In the past, while the involvement of the military in politics and in political violence has been widely known, there were attempts to either make their involvement as covert as possible and, where this was not possible, to a least attempt to justify their involvement in order to give it a veneer of legality. This time, the military’s involvement in politics and in the violation of human rights has been so overt and brazen that it needs no speculation.

Also, the Zimbabwean political and socio-economic landscape for some time now has been subjected to the militarisation of civilian institutions.
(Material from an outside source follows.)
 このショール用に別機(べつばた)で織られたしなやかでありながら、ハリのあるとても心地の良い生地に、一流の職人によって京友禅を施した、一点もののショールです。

Serving soldiers have been deployed in parastatals,129 independent institutions such as the Zimbabwe Electoral Commission,130 the National Prosecuting Authority, 131 and in corrupt mining ventures.132 A Zimbabwean scholar, Musavengana, observes that the past few years have ‘witnessed the Zanufication of the public service, traditional leadership structures, youth training centres and the militarisation of public institutions. Musavengana points out that this pervasive conduct has extended to ‘electoral commission, strategic grain reserve, the judiciary, prison services, permanent secretary positions in government ministries and heads of state enterprises (parastatals)’.133

With the military so involved in the daily affairs of Zimbabwe and its penchant for the violation of human rights, the protection of fundamental freedoms may have reached a nadir. Where the courts have come in to rubber stamp and thus lend legitimacy to a straightforward illegality, there is very little hope that the Zimbabwean human rights landscape may improve. Indeed, human rights violations are likely to continue, with the courts cowering, if not actively aiding, such violations.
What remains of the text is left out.